Alice Walker was born in 1944 in rural Georgia, the youngest child of a sharecropper. When she was eight years old, while playing with two of her older brothers, a copper B.B. pellet hit her in the eye. The accident was traumatic, and Alice changed from being a brassy, self-confident child, interested in doing grown-up things, into a shy, solemn, and solitary girl.

Walker immersed herself in her studies, was consistently excellent in them, and after graduation won a scholarship to Spelman College, a small prestigious black women's school in Atlanta, Georgia. After two years, Walker left to attend Sarah Lawrence College in Bronxville, New York.
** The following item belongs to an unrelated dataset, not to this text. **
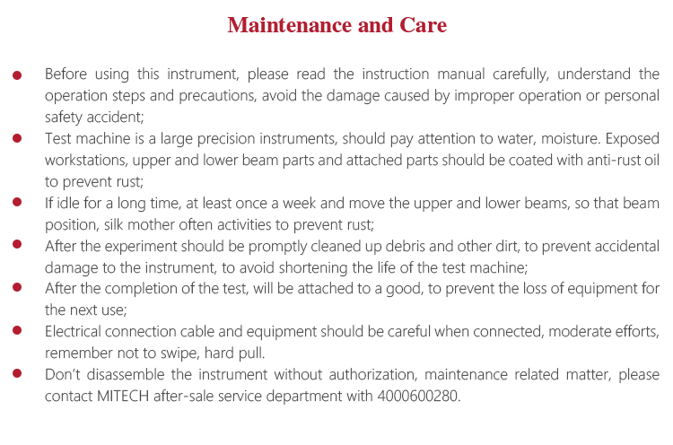 l Test machine is a large precision instruments, should pay attention to water, moisture. Exposed workstations, upper and lower beam parts and attached parts should be coated with anti-rust oil to prevent rust;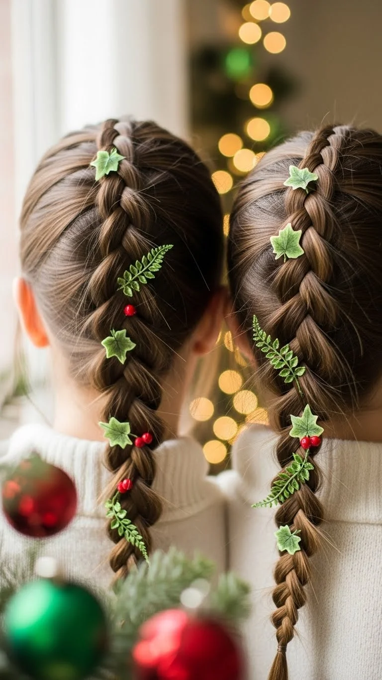 Make two braids and clip tiny red and green accents near the ends. You can create the “berries” using inexpensive craft beads glued to bobby pins. Kids like the cute holiday color combo. This style works best on medium to long hair but can be adapted by braiding only the front pieces. It stays tidy during play and takes under five minutes.

There she majored in literature and studied extensively in Latin poetry and history.

Walker graduated from Sarah Lawrence in 1965, and three years later she published a collection of poetry, Once: Poems. Also in 1968, Walker married Mel Leventhal, a human rights lawyer, and they had a daughter, Rebecca, before they were divorced in the early 1970s. Her first novel, published in 1970, was The Third Life of Grange Copeland. During this time, Walker also held an editorial position at Ms. magazine; Gloria Steinem, editor-in-chief at Ms., was extremely encouraging and supportive of Walker's efforts, ideas, and writing. In 1976, Meridian, Walker's second novel, the story of a woman fighting for civil rights in the American South, was published.

In 1982, Walker received the Pulitzer Prize for Literature for her third novel, The Color Purple. Following this great achievement, she published a collection of essays, In Search of Our Mothers’ Gardens, in 1983, and in 1984 released a collection of poems, Horses Make a Landscape Look More Beautiful. She has also published the Temple of My Familiar (1989) and Possessing the Secret of Joy (1992), along with children’s books and non-fiction work.